[DESCRIPTION OF THE TASK] Please return each of the entries exactly, minus their pictures.
▬▬▬▬▬▬▬▬▬▬
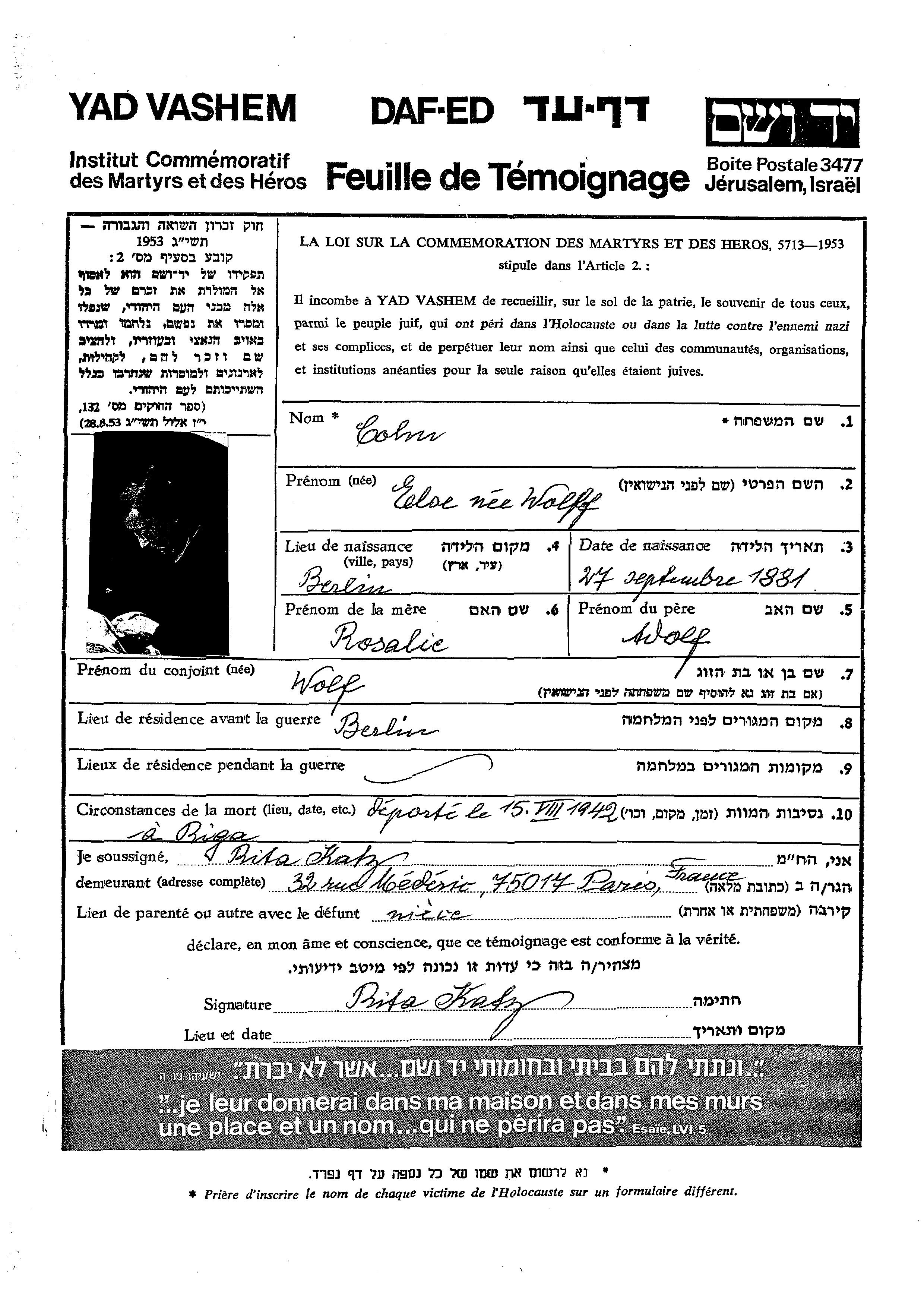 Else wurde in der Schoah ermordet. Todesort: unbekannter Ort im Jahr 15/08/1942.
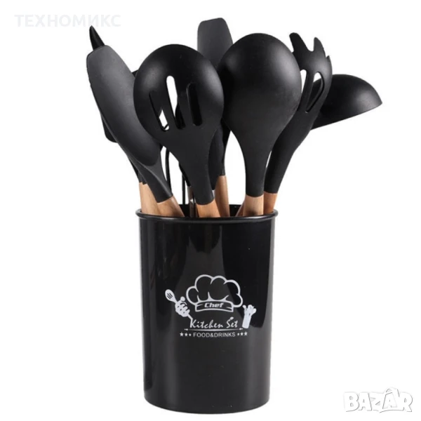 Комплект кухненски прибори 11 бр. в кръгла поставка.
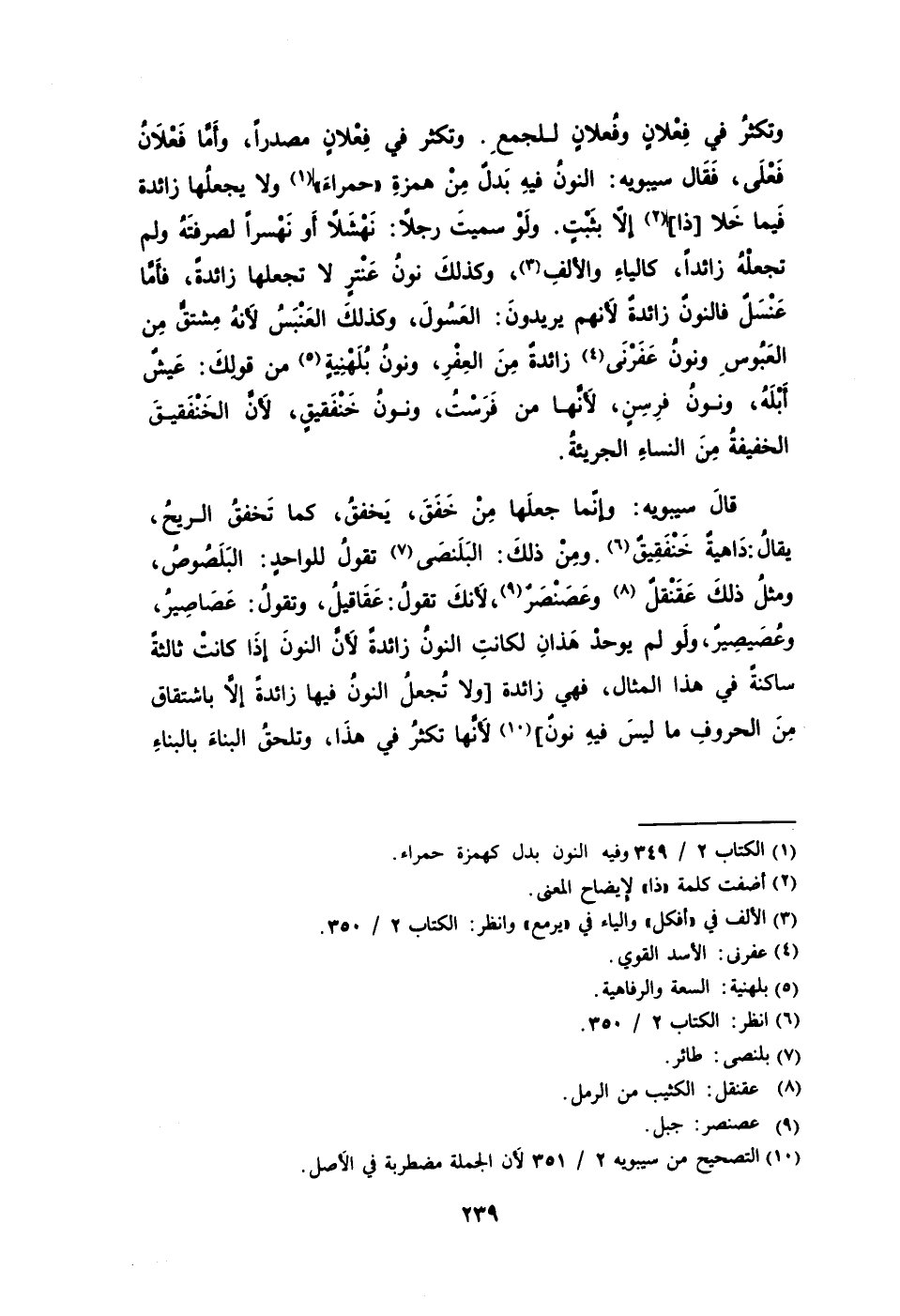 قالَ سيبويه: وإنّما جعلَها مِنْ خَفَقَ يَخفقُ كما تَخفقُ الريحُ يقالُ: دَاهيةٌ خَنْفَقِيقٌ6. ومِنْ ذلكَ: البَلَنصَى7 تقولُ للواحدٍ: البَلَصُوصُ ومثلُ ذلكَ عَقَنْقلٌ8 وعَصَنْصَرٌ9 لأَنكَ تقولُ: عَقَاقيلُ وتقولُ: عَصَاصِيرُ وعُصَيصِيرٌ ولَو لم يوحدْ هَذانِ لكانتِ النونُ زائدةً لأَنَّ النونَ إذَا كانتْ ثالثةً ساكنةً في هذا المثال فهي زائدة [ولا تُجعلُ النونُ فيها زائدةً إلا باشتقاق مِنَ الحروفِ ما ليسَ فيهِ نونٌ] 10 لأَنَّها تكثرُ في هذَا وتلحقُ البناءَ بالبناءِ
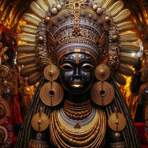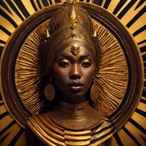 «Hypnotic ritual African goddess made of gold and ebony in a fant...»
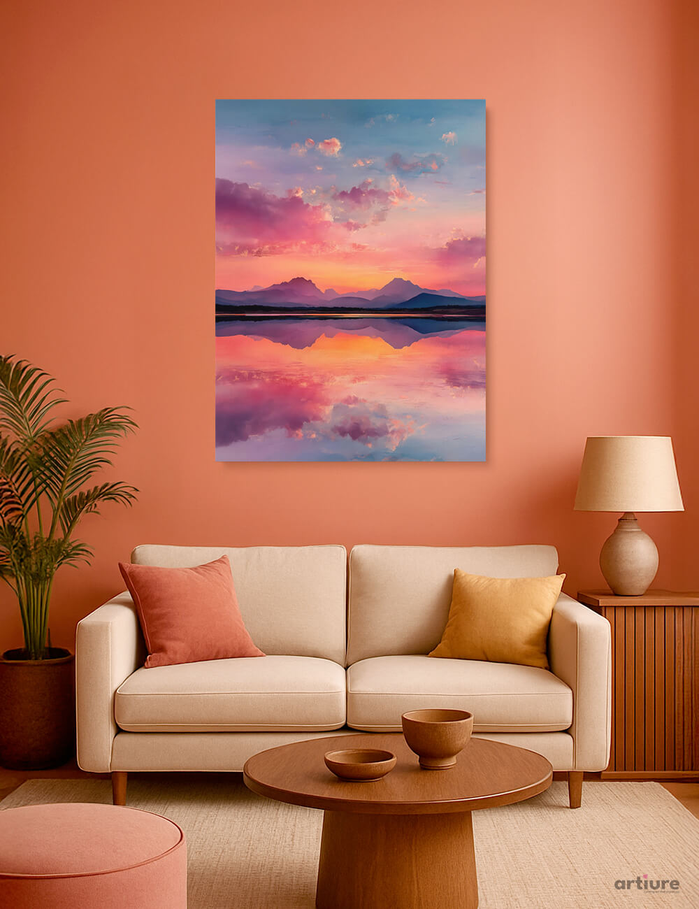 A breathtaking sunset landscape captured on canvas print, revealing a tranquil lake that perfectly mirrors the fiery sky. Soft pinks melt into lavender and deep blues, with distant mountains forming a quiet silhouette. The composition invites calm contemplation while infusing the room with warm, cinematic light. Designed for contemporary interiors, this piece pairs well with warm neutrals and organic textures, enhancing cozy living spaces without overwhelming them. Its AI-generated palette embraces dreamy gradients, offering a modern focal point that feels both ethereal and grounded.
▬▬▬▬▬▬▬▬▬▬
[ANSWER]
 Else wurde in der Schoah ermordet. Todesort: unbekannter Ort im Jahr 15/08/1942.
 Комплект кухненски прибори 11 бр. в кръгла поставка.
 قالَ سيبويه: وإنّما جعلَها مِنْ خَفَقَ يَخفقُ كما تَخفقُ الريحُ يقالُ: دَاهيةٌ خَنْفَقِيقٌ6. ومِنْ ذلكَ: البَلَنصَى7 تقولُ للواحدٍ: البَلَصُوصُ ومثلُ ذلكَ عَقَنْقلٌ8 وعَصَنْصَرٌ9 لأَنكَ تقولُ: عَقَاقيلُ وتقولُ: عَصَاصِيرُ وعُصَيصِيرٌ ولَو لم يوحدْ هَذانِ لكانتِ النونُ زائدةً لأَنَّ النونَ إذَا كانتْ ثالثةً ساكنةً في هذا المثال فهي زائدة [ولا تُجعلُ النونُ فيها زائدةً إلا باشتقاق مِنَ الحروفِ ما ليسَ فيهِ نونٌ] 10 لأَنَّها تكثرُ في هذَا وتلحقُ البناءَ بالبناءِ
 «Hypnotic ritual African goddess made of gold and ebony in a fant...»
 A breathtaking sunset landscape captured on canvas print, revealing a tranquil lake that perfectly mirrors the fiery sky. Soft pinks melt into lavender and deep blues, with distant mountains forming a quiet silhouette. The composition invites calm contemplation while infusing the room with warm, cinematic light. Designed for contemporary interiors, this piece pairs well with warm neutrals and organic textures, enhancing cozy living spaces without overwhelming them. Its AI-generated palette embraces dreamy gradients, offering a modern focal point that feels both ethereal and grounded.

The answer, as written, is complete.